Simple 1-D RM Synthesis & RMCLEAN toolkit
This provides simple functionality to perform 1-dimensional RM Synthesis and RMCLEAN.
- RM Synthesis: Brentjens & de Bruyn (2005)
- RMCLEAN: Heald, Braun & Edmonds (2009)
Obtain the rm.py script, and use it like this (as a simple example):
>>> import rm
>>> import numpy as np
>>> freq_hz,idata,ierr,qdata,qerr,udata,uerr = np.loadtxt('mockdata.txt',unpack=True)
>>> p = rm.PolObservation(freq_hz,(idata,qdata,udata),IQUerr=(ierr,qerr,uerr))
Fitted spectral index is -0.719883
>>> phi_axis = np.arange(-2000.,2000.1,10.)

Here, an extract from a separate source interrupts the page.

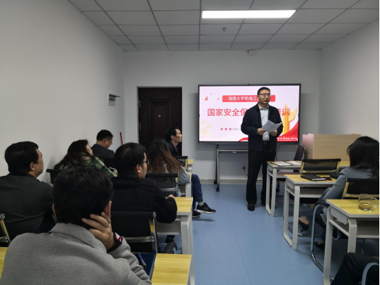 12月28日下午,pa电子官方网站在研发楼413会议室举办国家安全保密教育培训。学院党委书记黄国标,院长唐荣年,副院长陈振斌、副院长马庆芬、副院长金志扬,学院各系办主任、全体教工学生支部书记参加本次专题培训。黄国标书记主持本次会议。

>>> p.rmsynthesis(phi_axis)
Using 300 of 300 channels
Using uniform weights
Normalisation value = 0.003333
FWHM of RMSF is 192.128413 rad/m2
Max RM scale is 89.368310 rad/m2
Max RM value is 21193.286828 rad/m2
Calculating RMSF...
Calculating FDF...
>>> p.rmclean(cutoff=1.)
CLEAN will proceed down to 0.213212
First component found at 130.000000 rad/m2
Iteration 1: max residual = 1.225228
Iteration 2: max residual = 1.102705
Iteration 3: max residual = 0.992814
Iteration 4: max residual = 0.893690
Iteration 5: max residual = 0.804646
Iteration 6: max residual = 0.724291
Iteration 7: max residual = 0.652145
Iteration 8: max residual = 0.587001
Iteration 9: max residual = 0.528548
Iteration 10: max residual = 0.475733
Convolving clean components...
Restoring convolved clean components...
>>> p.plot_fdf()
This example contained within mockdata.txt contains two sources,
- A 60% polarized source with I=2Jy and alpha=-0.7, and RM=135rad/m2; and
- A 33% polarized source with I=700mJy and alpha=-0.7, and RM=-625rad/m2.
Both sources are in the same IQU spectrum, observed from 1300-1600 MHz with 1 MHz channels. The noise in I is ~20 mJy, and in Q and U is ~10 mJy.